[DESCRIPTION OF THE TASK]
The full listing, word for word and free of images, is the expected result.

╭──

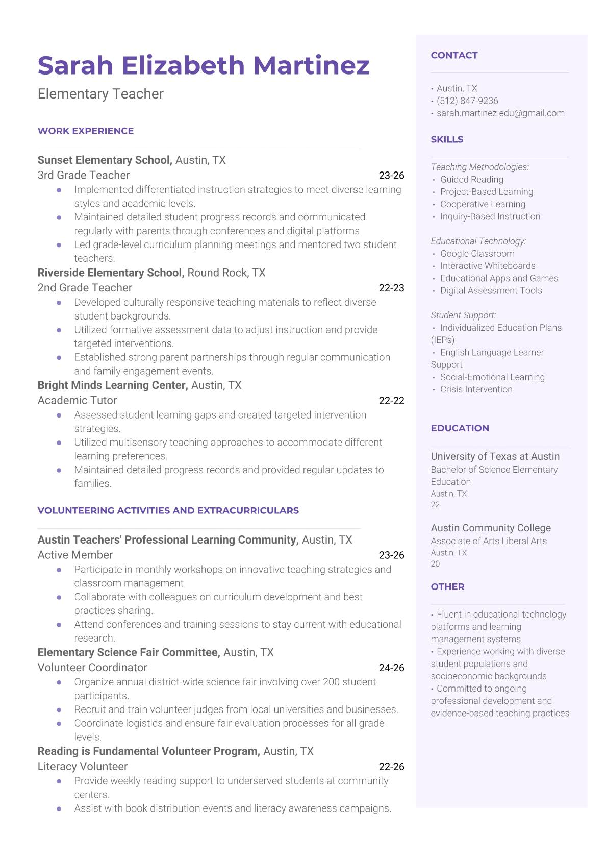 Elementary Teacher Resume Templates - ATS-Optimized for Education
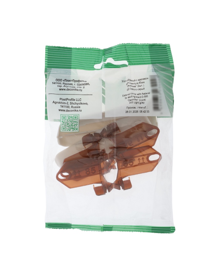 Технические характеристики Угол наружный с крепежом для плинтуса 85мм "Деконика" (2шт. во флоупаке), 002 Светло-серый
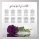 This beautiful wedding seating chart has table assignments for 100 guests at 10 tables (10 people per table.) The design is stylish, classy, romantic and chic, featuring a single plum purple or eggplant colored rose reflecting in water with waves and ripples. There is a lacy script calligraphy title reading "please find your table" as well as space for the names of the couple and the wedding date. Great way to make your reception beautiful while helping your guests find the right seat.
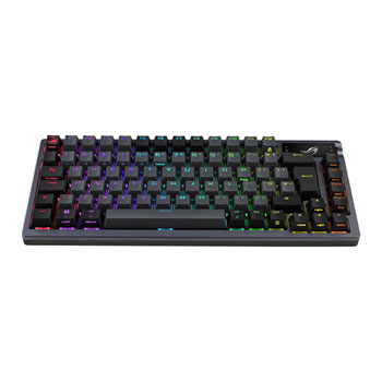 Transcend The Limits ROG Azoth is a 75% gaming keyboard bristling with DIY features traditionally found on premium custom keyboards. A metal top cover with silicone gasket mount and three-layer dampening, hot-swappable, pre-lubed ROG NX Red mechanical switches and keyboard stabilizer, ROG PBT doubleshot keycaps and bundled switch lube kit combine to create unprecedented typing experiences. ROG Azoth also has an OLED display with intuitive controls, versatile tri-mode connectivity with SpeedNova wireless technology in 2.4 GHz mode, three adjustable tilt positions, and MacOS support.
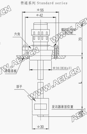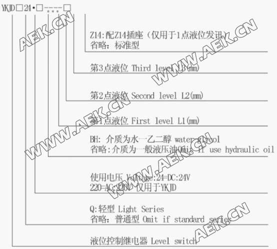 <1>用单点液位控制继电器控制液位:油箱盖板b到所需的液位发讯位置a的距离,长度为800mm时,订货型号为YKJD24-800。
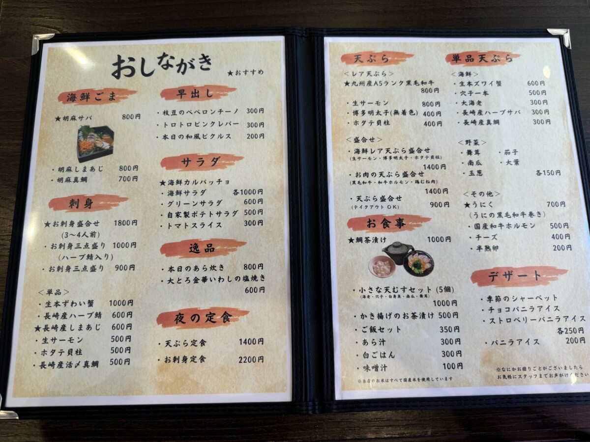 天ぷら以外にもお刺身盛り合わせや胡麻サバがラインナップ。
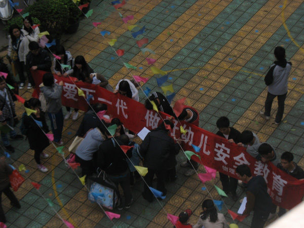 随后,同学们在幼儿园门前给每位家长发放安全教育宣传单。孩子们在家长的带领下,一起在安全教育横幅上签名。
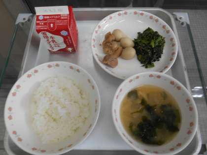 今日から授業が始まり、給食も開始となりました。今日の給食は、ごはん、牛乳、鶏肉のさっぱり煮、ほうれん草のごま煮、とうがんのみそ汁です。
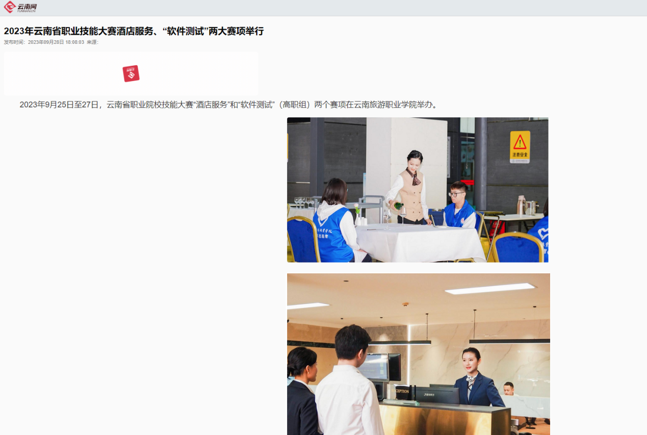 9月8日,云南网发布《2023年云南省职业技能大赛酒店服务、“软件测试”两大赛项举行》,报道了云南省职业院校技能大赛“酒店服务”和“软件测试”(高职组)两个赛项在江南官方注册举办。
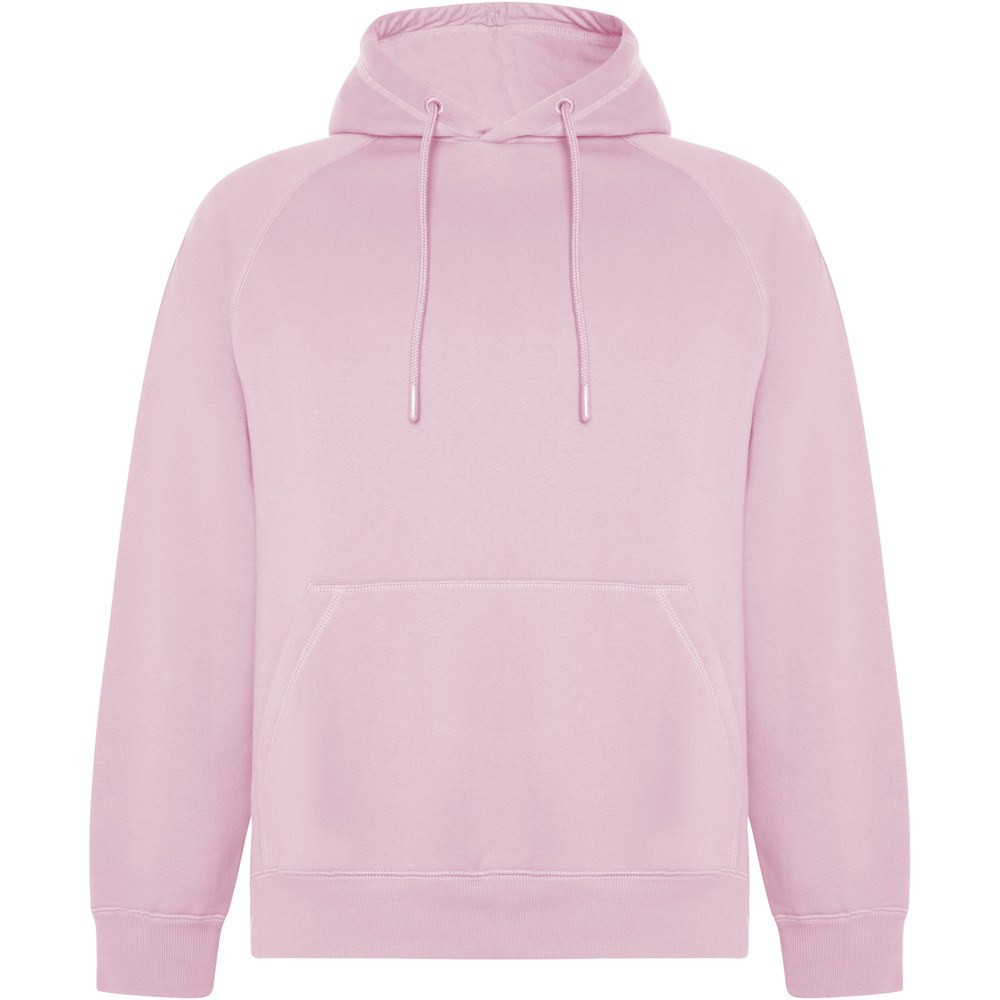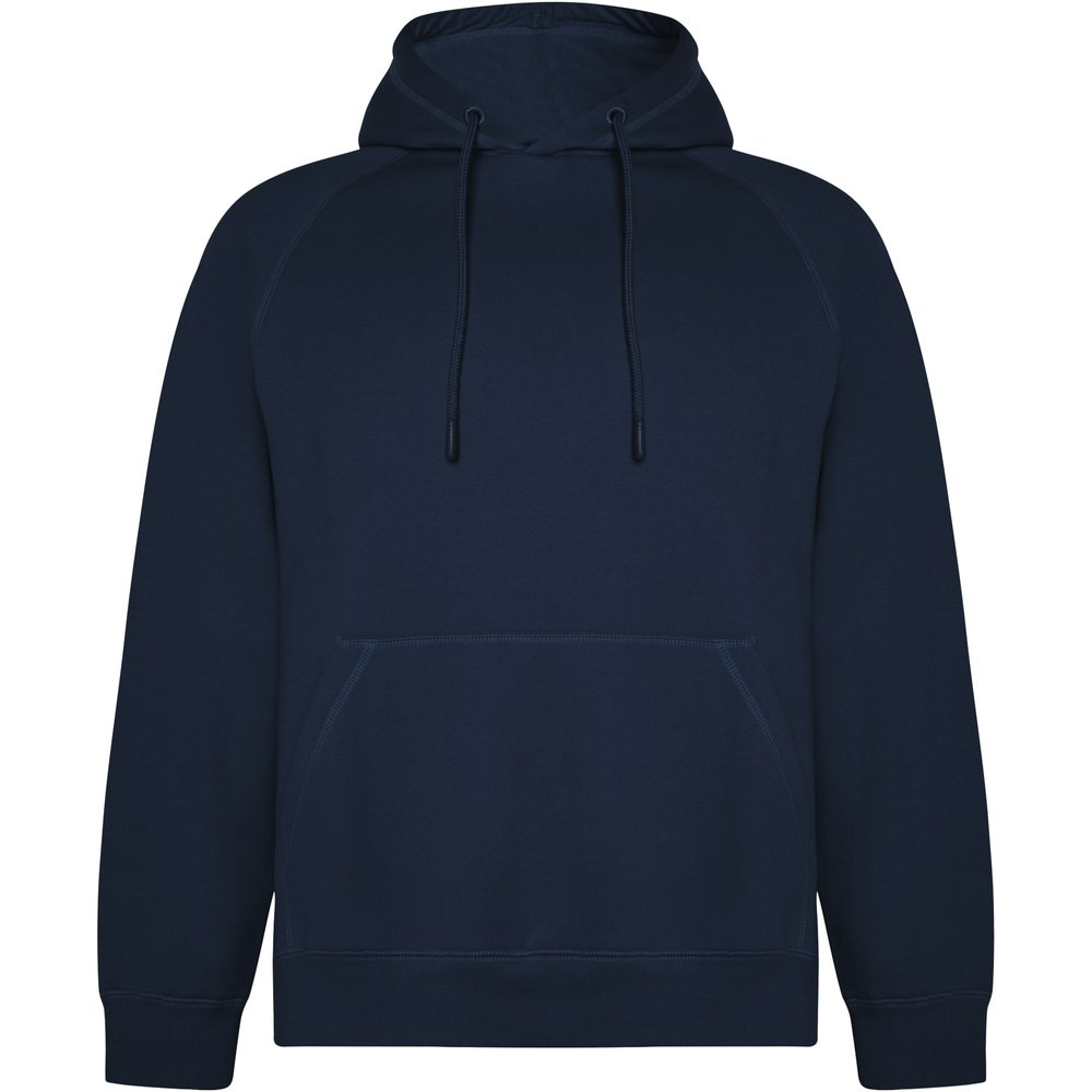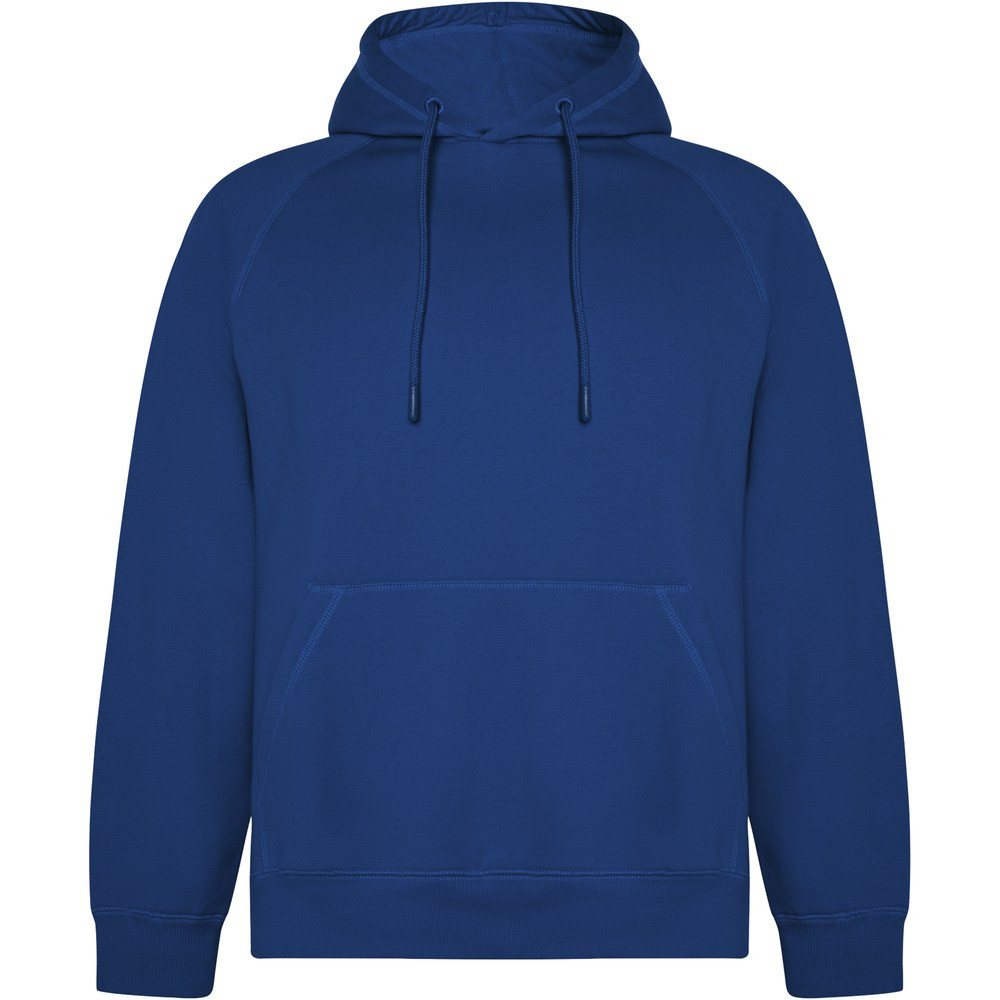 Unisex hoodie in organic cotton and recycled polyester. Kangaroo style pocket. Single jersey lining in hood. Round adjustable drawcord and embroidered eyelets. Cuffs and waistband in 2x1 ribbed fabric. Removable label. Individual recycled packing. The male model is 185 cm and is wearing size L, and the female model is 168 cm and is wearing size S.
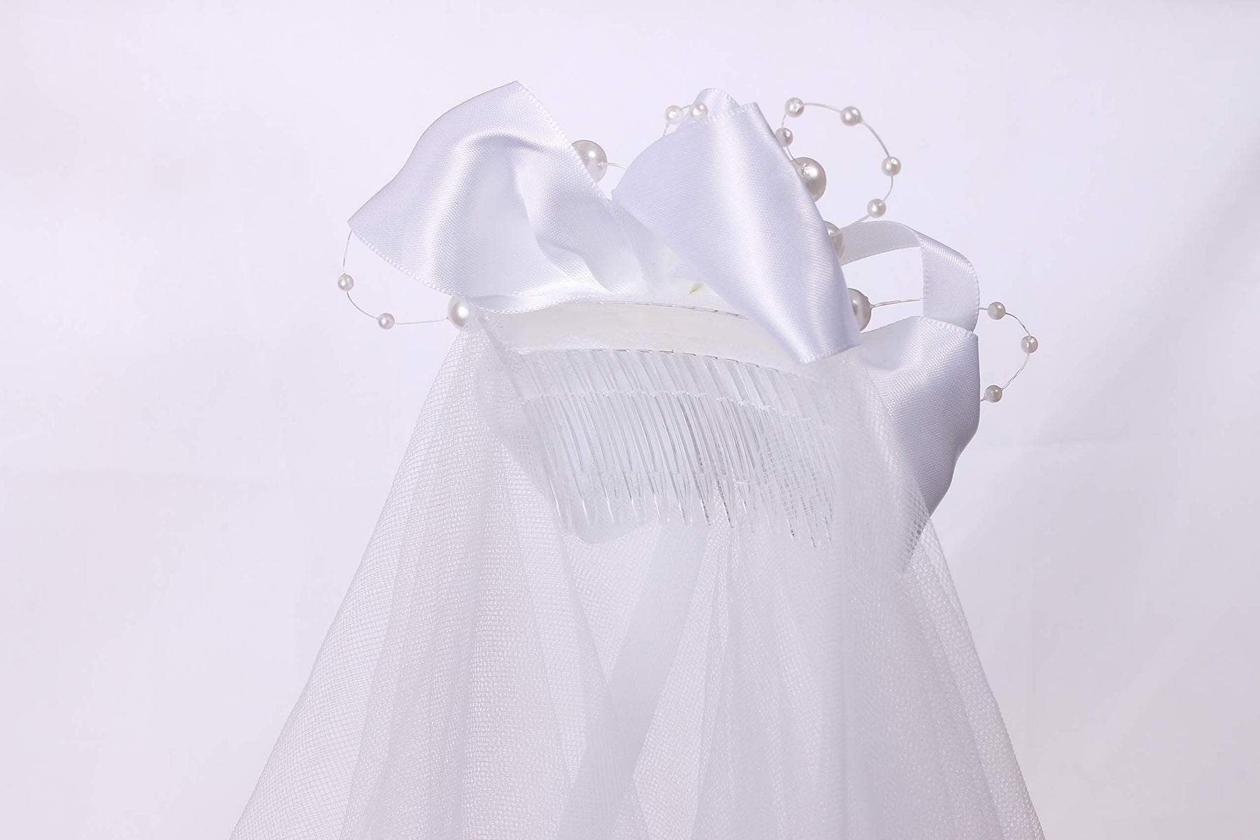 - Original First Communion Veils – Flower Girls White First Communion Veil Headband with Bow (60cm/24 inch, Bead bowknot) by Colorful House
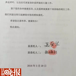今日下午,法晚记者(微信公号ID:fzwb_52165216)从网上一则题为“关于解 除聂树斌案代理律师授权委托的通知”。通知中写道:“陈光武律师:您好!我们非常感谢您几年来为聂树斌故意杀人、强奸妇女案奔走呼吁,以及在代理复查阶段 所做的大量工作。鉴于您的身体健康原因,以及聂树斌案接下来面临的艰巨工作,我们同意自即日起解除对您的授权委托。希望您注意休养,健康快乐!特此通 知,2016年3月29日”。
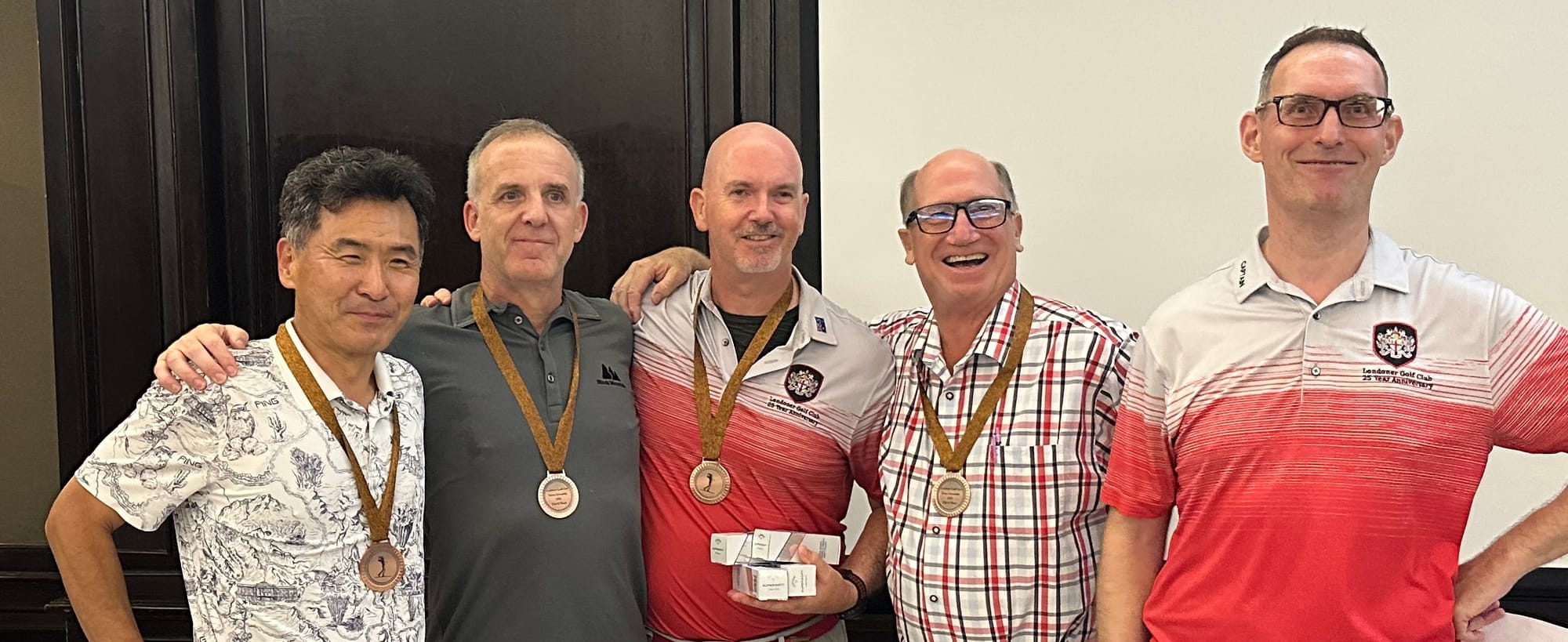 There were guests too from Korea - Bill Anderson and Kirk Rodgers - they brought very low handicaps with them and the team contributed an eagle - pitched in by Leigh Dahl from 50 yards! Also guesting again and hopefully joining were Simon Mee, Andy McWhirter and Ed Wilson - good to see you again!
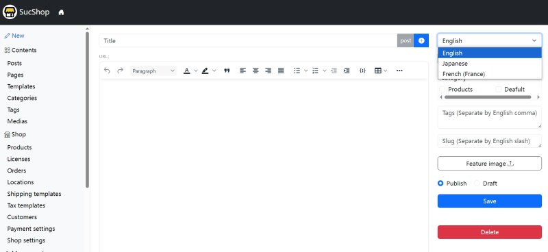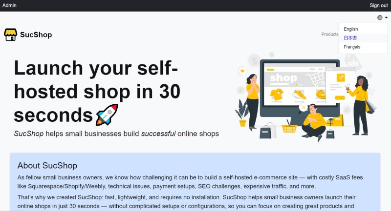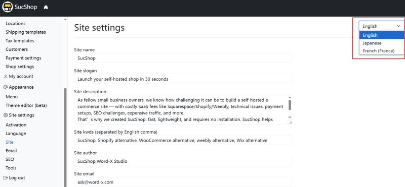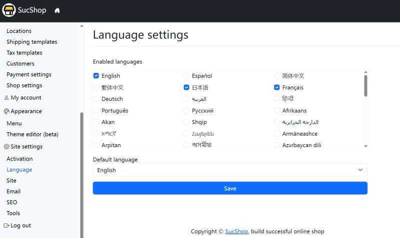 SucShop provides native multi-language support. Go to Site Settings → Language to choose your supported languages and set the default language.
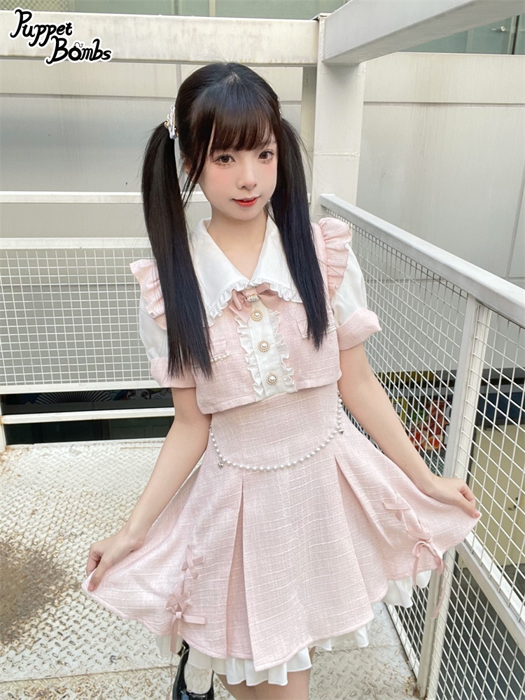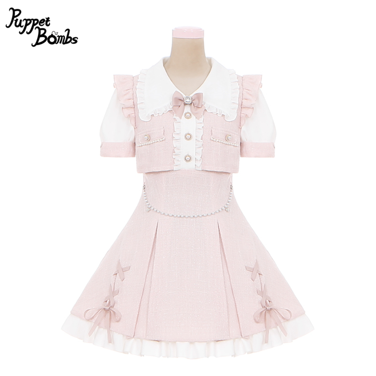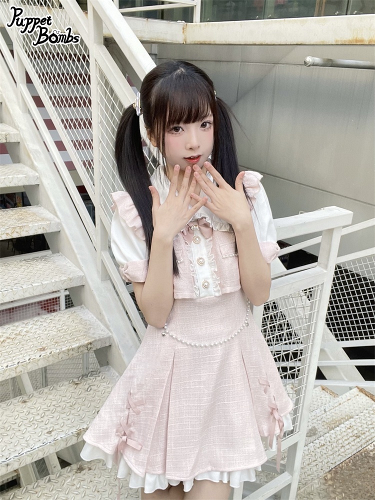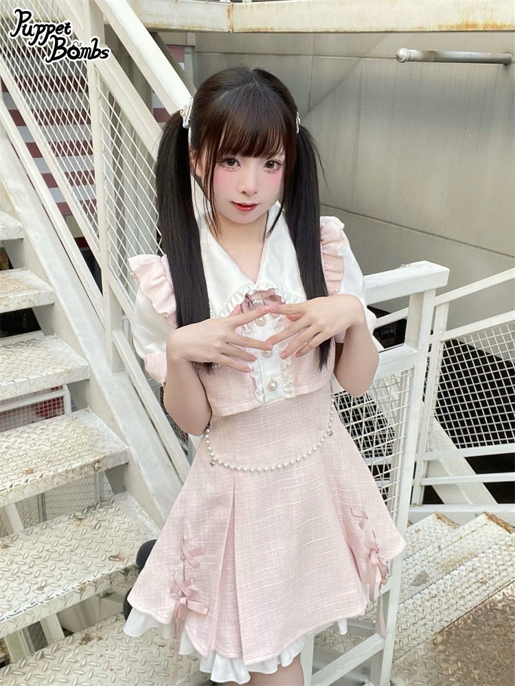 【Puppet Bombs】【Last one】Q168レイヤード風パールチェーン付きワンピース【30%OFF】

╰──

[RESPONSE TO THE TASK]
 Elementary Teacher Resume Templates - ATS-Optimized for Education
 Технические характеристики Угол наружный с крепежом для плинтуса 85мм "Деконика" (2шт. во флоупаке), 002 Светло-серый
 This beautiful wedding seating chart has table assignments for 100 guests at 10 tables (10 people per table.) The design is stylish, classy, romantic and chic, featuring a single plum purple or eggplant colored rose reflecting in water with waves and ripples. There is a lacy script calligraphy title reading "please find your table" as well as space for the names of the couple and the wedding date. Great way to make your reception beautiful while helping your guests find the right seat.
 Transcend The Limits ROG Azoth is a 75% gaming keyboard bristling with DIY features traditionally found on premium custom keyboards. A metal top cover with silicone gasket mount and three-layer dampening, hot-swappable, pre-lubed ROG NX Red mechanical switches and keyboard stabilizer, ROG PBT doubleshot keycaps and bundled switch lube kit combine to create unprecedented typing experiences. ROG Azoth also has an OLED display with intuitive controls, versatile tri-mode connectivity with SpeedNova wireless technology in 2.4 GHz mode, three adjustable tilt positions, and MacOS support.
 <1>用单点液位控制继电器控制液位:油箱盖板b到所需的液位发讯位置a的距离,长度为800mm时,订货型号为YKJD24-800。
 天ぷら以外にもお刺身盛り合わせや胡麻サバがラインナップ。
 随后,同学们在幼儿园门前给每位家长发放安全教育宣传单。孩子们在家长的带领下,一起在安全教育横幅上签名。
 今日から授業が始まり、給食も開始となりました。今日の給食は、ごはん、牛乳、鶏肉のさっぱり煮、ほうれん草のごま煮、とうがんのみそ汁です。
 9月8日,云南网发布《2023年云南省职业技能大赛酒店服务、“软件测试”两大赛项举行》,报道了云南省职业院校技能大赛“酒店服务”和“软件测试”(高职组)两个赛项在江南官方注册举办。
 Unisex hoodie in organic cotton and recycled polyester. Kangaroo style pocket. Single jersey lining in hood. Round adjustable drawcord and embroidered eyelets. Cuffs and waistband in 2x1 ribbed fabric. Removable label. Individual recycled packing. The male model is 185 cm and is wearing size L, and the female model is 168 cm and is wearing size S.
 - Original First Communion Veils – Flower Girls White First Communion Veil Headband with Bow (60cm/24 inch, Bead bowknot) by Colorful House
今日下午,法晚记者(微信公号ID:fzwb_52165216)从网上一则题为“关于解 除聂树斌案代理律师授权委托的通知”。通知中写道:“陈光武律师:您好!我们非常感谢您几年来为聂树斌故意杀人、强奸妇女案奔走呼吁,以及在代理复查阶段 所做的大量工作。鉴于您的身体健康原因,以及聂树斌案接下来面临的艰巨工作,我们同意自即日起解除对您的授权委托。希望您注意休养,健康快乐!特此通 知,2016年3月29日”。
 There were guests too from Korea - Bill Anderson and Kirk Rodgers - they brought very low handicaps with them and the team contributed an eagle - pitched in by Leigh Dahl from 50 yards! Also guesting again and hopefully joining were Simon Mee, Andy McWhirter and Ed Wilson - good to see you again!
 SucShop provides native multi-language support. Go to Site Settings → Language to choose your supported languages and set the default language.
 【Puppet Bombs】【Last one】Q168レイヤード風パールチェーン付きワンピース【30%OFF】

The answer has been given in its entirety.